O pH alcançado é importante para conferir uma conservação mais prolongada do produto acabado (quadro acima). Tem-se observado que silagens obtidas de resíduos de pescado com pH final entre 3,9 e 4,7 permanecem estáveis durante 30 a 160 dias.
Composição e valor nutritivo
Os lactobacilos são capazes de realizar suas atividades metabólicas sem grandes alterações do substrato a fermentar, por isso não são perdidos os componentes básicos dos alimentos e o valor nutritivo do produto inicial.
A composição (quadro abaixo) e o valor nutritivo da silagem depende principalmente do resíduo, do tipo de açúcar e das características do inóculo bacteriano utilizados.
Em base seca temos 46% de proteína, 25% de gordura e 18% de cinzas, resultando num insumo de boas qualidades nutricionais.
Rações
A incorporação de silagem de pescado fabricada artesanalmente à rações comerciais é uma prática que tem sido realizada com ótimos resultados, a exemplo dos criadores de trutas arco-íris do “Projeto Especial Trutas Titicaca” no Lago Titicaca em Puno no Perú.
Pela concentração de proteínas da silagem, a relação de substituição da farinha de pescado pela silagem em dietas de frangos, suínos, patos e novilhos é de aproximadamente 3:1 (3 kg de silagem para 1 kg de farinha de peixe). Quando se trata de silagem integral (usando todo o pescado), a relação cai para 2 - 2,5 kg de silagem para 1 kg de farinha.
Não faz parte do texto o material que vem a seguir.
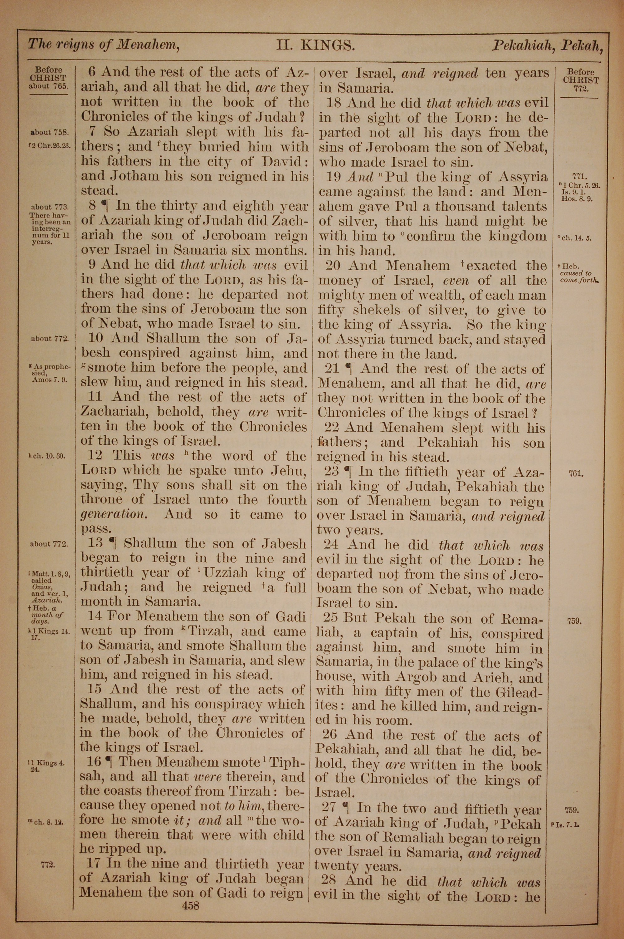 1882年Holy Bible 列王纪下 15 章 6 节到 15 章 28 节

Em dietas balanceadas para peixes cultivados no Brasil, recomendo a realização de ensaios experimentais utilizando-se silagens de diferentes resíduos de pescado, observando-se o efeito no desenvolvimento dos mesmos.
Vale ressaltar que a silagem de resíduo de pescado não pretende igualar-se à farinha de peixe. O que se busca é uma alternativa viável e racional para os resíduos de pescado, visando a diminuição de impactos ambientais, ao mesmo tempo em que se pode melhorar a qualidade e o preço das rações.